WORK REQUIRED | Word for word, restate the lines from the top of the records below through the line with "- Đột lỗ KS", both included, with no pictures in the result.

PROVIDED INFORMATION |

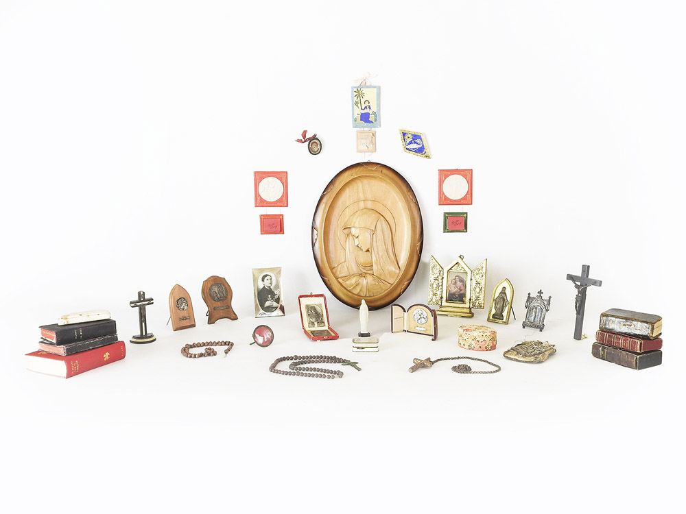 Lotto oggetti devozionali tra cui alcuni rosari, alcuni libri di preghiere e delle reliquie Devotional Objects Lot
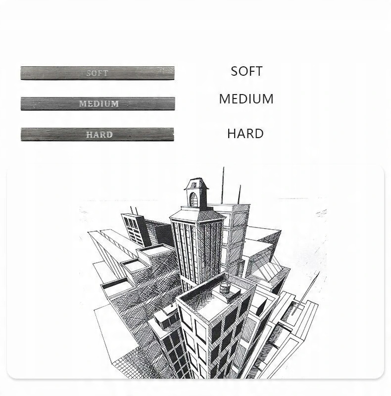 ✅ Карбон доступний у 3 твердостях. Це дозволяє отримати гладкі, рівні та інтенсивні чорні лінії. У набір також входять вугільні олівці для художників, які люблять малювати вугіллям, але цінують чистоту своєї роботи.
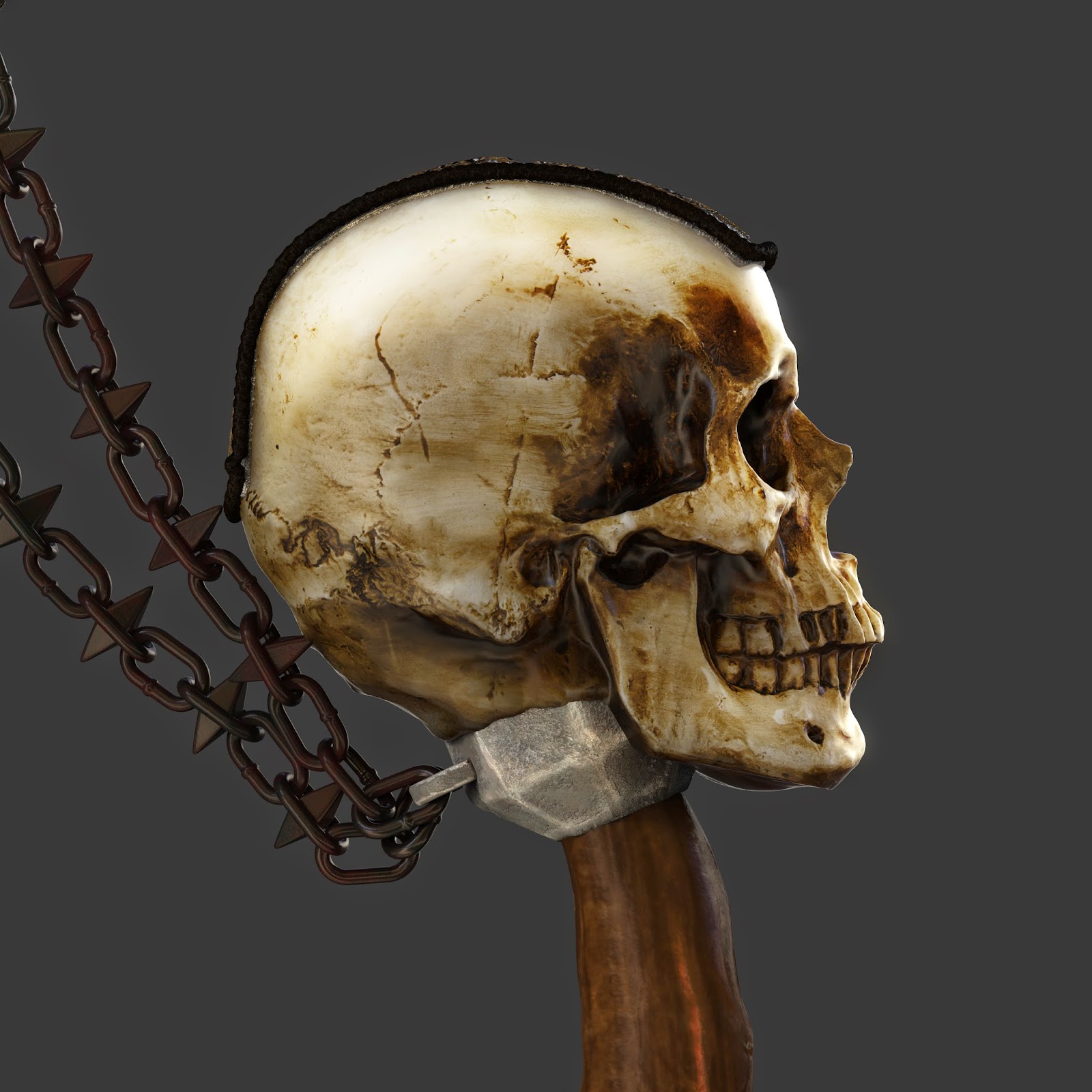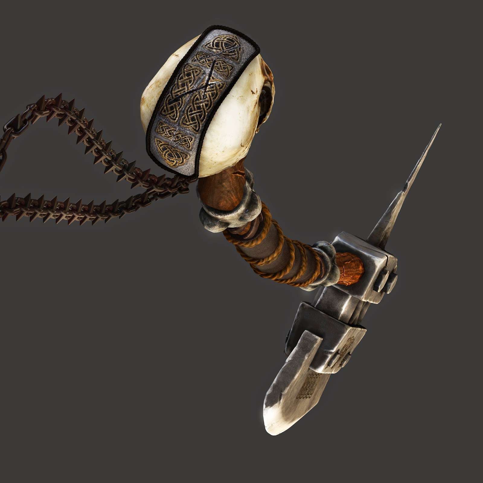 Here are a few more renders of the skull axe we've been working on. Still not a final version but it's getting there.
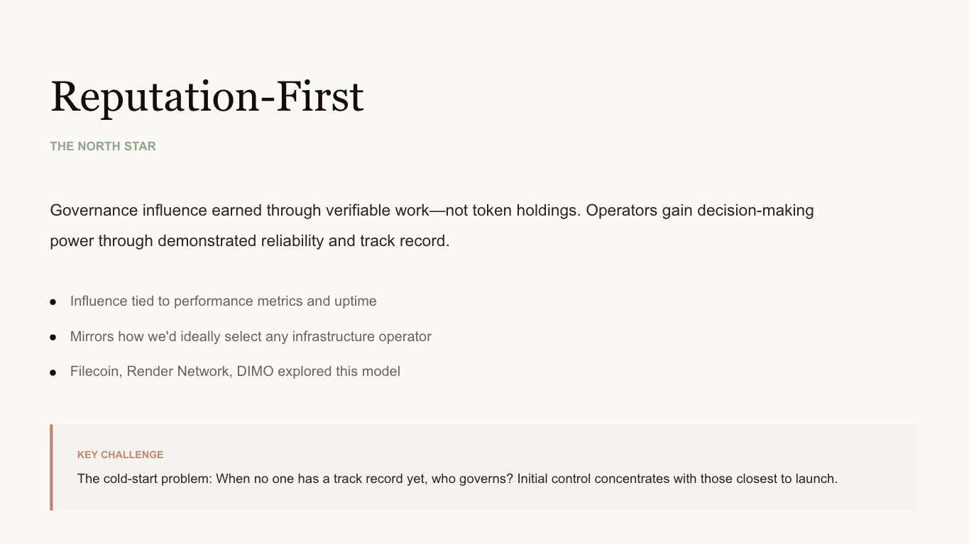The most principled approach to DePIN governance is reputation-first: participants earn governance influence through verifiable work rather than token holdings. Operators who demonstrate reliability, uptime, and quality service gain decision-making power. This mirrors how we would ideally select any infrastructure operator: based on track record, not wealth.
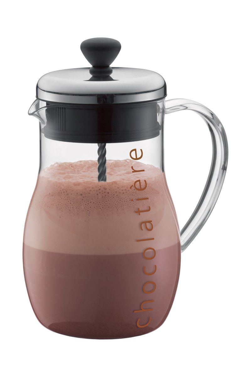 Funciona com chocolate verdadeiro, xarope de chocolate ou chocolate em pó.
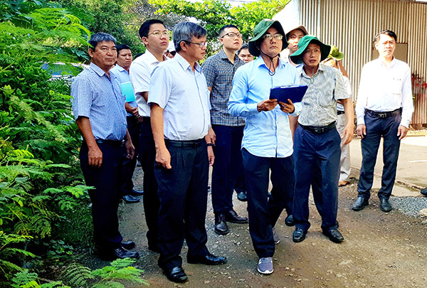 | Phó chủ tịch UBND tỉnh Võ Văn Chánh (thứ 3 từ phải qua) đang kiểm tra thửa đất trên bản đồ với thực tế |
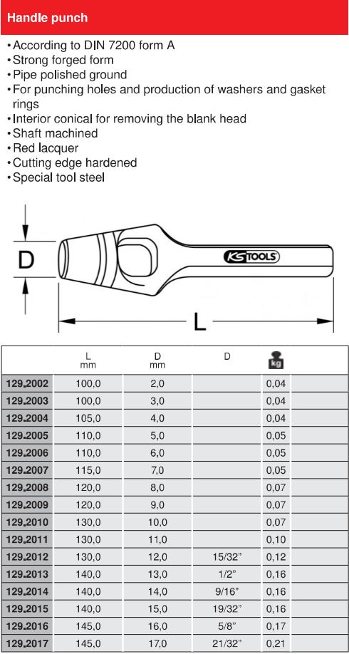 - Đột lỗ KS Tools 129.2006 được chế tạo bằng phương pháp rèn từ thép dụng cụ theo tiêu chuẩn DIN 7200 form A.
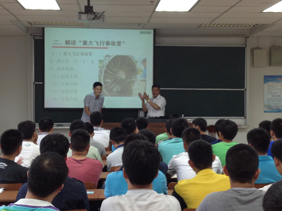 2014年6月4日下午4点在将军路校区10101教室,中国民航科学技术研究院总飞行师刘清贵为我院师生作了《从伊春8.24飞行事故看“重大飞行事故罪”》的报告。刘总飞行师主要讲解了伊春8.24飞行事故开庭情况、解读“重大飞行事故罪”、8.24飞行事故回顾和典型案例及安全启示四个方面。
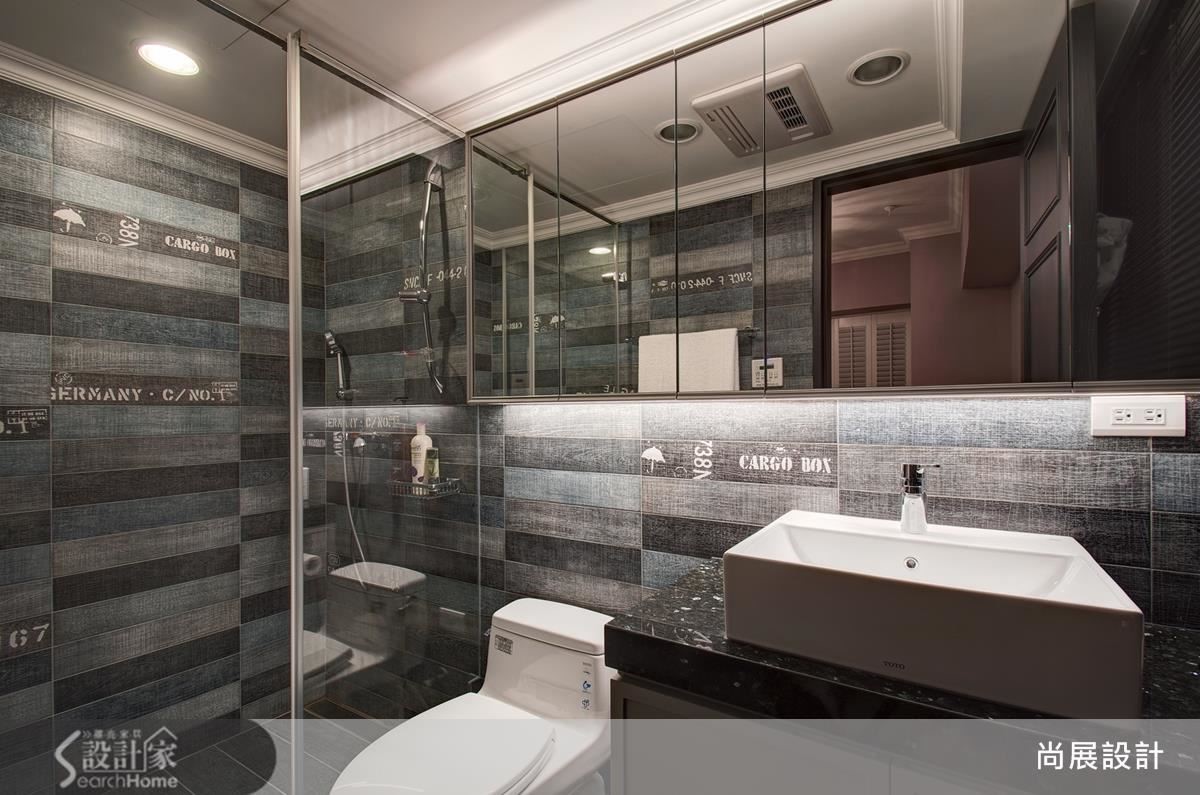 衛浴牆面鋪設仿木紋磚,敘說懷舊復古的氛圍,且將不同色彩的磚材予以穿插拼接、或在表面上刻字,添入特別的視覺變化。
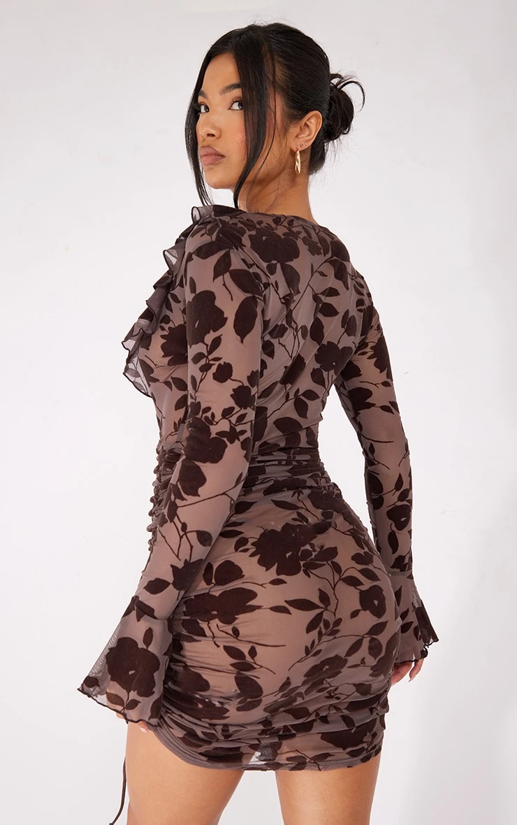 Add some of this seasons must-have trends into your weekend look with this bodycon dress. Featuring a dark chocolate floral flocked material with a frill design and a figure-hugging fit, what’s not to love? Add your dreamy high heels and chunky gold hoops for a combo we can’t get enough of.

TASK RESULT |
 Lotto oggetti devozionali tra cui alcuni rosari, alcuni libri di preghiere e delle reliquie Devotional Objects Lot
 ✅ Карбон доступний у 3 твердостях. Це дозволяє отримати гладкі, рівні та інтенсивні чорні лінії. У набір також входять вугільні олівці для художників, які люблять малювати вугіллям, але цінують чистоту своєї роботи.
 Here are a few more renders of the skull axe we've been working on. Still not a final version but it's getting there.
The most principled approach to DePIN governance is reputation-first: participants earn governance influence through verifiable work rather than token holdings. Operators who demonstrate reliability, uptime, and quality service gain decision-making power. This mirrors how we would ideally select any infrastructure operator: based on track record, not wealth.
 Funciona com chocolate verdadeiro, xarope de chocolate ou chocolate em pó.
 | Phó chủ tịch UBND tỉnh Võ Văn Chánh (thứ 3 từ phải qua) đang kiểm tra thửa đất trên bản đồ với thực tế |
 - Đột lỗ KS Tools 129.2006 được chế tạo bằng phương pháp rèn từ thép dụng cụ theo tiêu chuẩn DIN 7200 form A.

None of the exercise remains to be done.